» **Work request**
These records contain pictures, which must be left out; copy exactly the lines from the one with "本文關于q幣怎么換游戲幣的簡介就講解完畢,希望對大家有所幫助。" up to and including the one with "サポートストーンには、ペリドットとガーネットビーズを使用。".

» **Excerpted data**
╔══

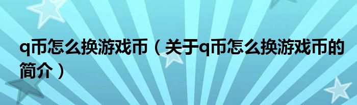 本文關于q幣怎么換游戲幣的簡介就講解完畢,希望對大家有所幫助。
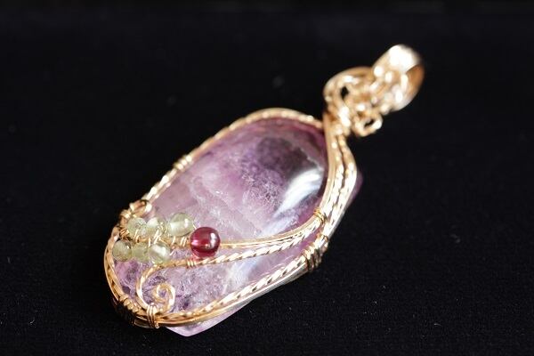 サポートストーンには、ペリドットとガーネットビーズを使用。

╚══
╔══

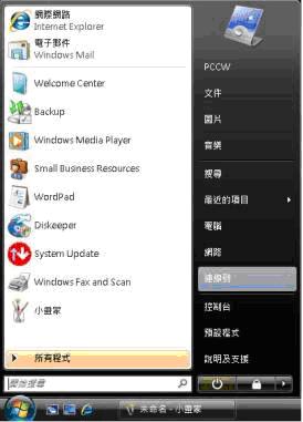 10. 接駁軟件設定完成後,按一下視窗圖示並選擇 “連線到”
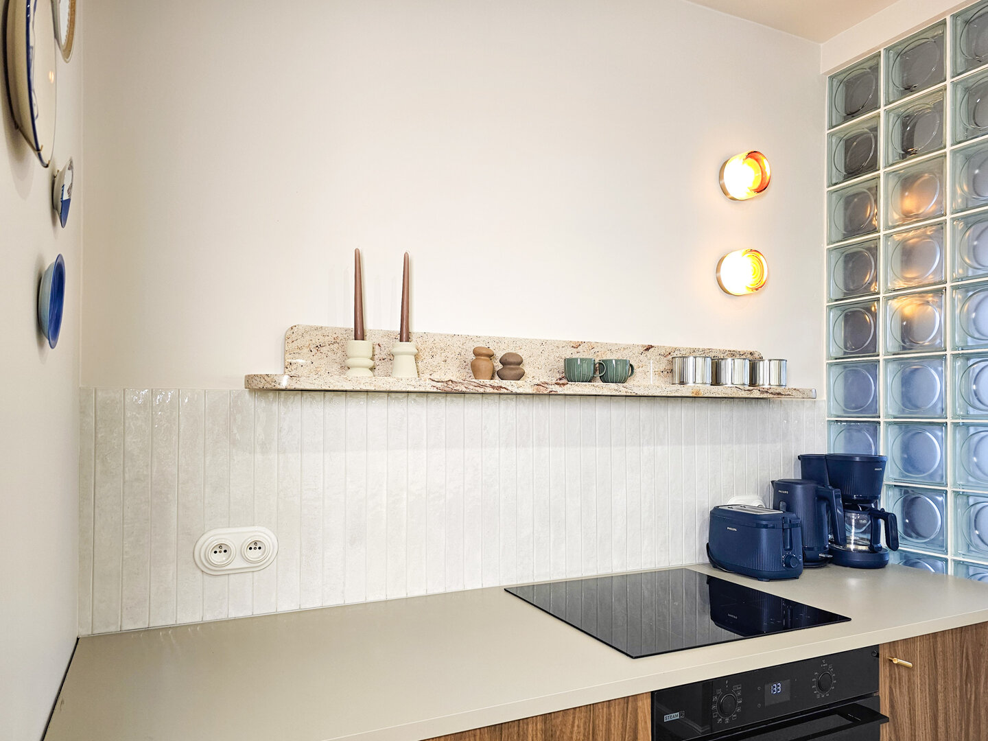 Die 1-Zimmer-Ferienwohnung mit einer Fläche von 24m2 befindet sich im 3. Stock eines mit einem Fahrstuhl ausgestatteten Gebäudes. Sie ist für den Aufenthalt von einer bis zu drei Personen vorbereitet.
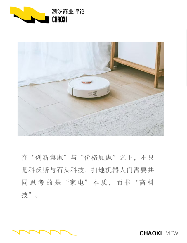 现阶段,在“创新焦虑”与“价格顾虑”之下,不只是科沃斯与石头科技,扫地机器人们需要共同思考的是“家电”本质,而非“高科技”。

╚══
╔══

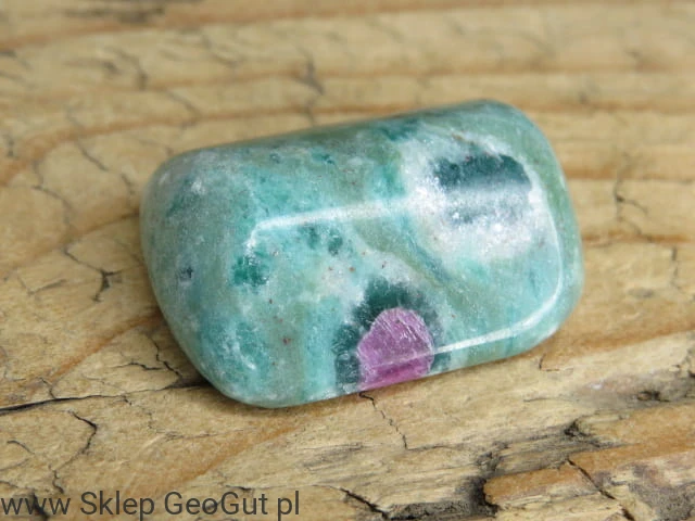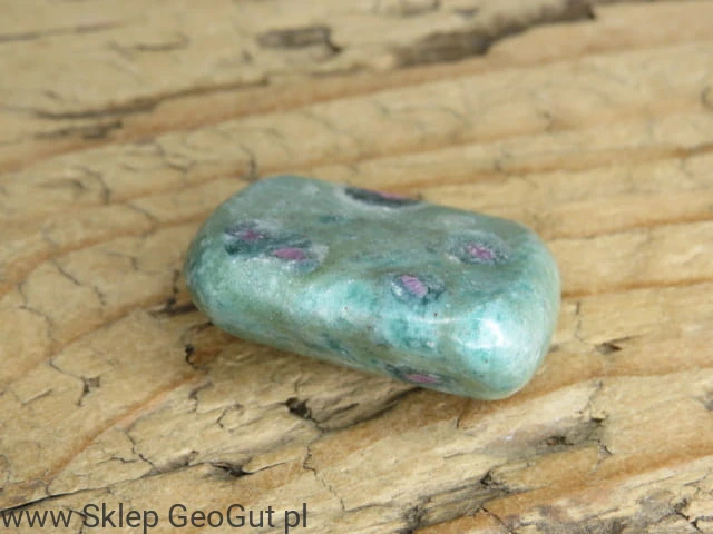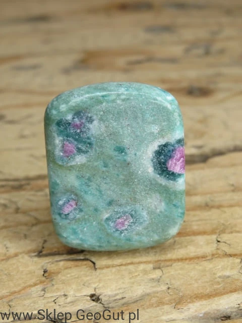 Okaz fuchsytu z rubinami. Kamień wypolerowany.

╚══

» **Response below**
 本文關于q幣怎么換游戲幣的簡介就講解完畢,希望對大家有所幫助。
 サポートストーンには、ペリドットとガーネットビーズを使用。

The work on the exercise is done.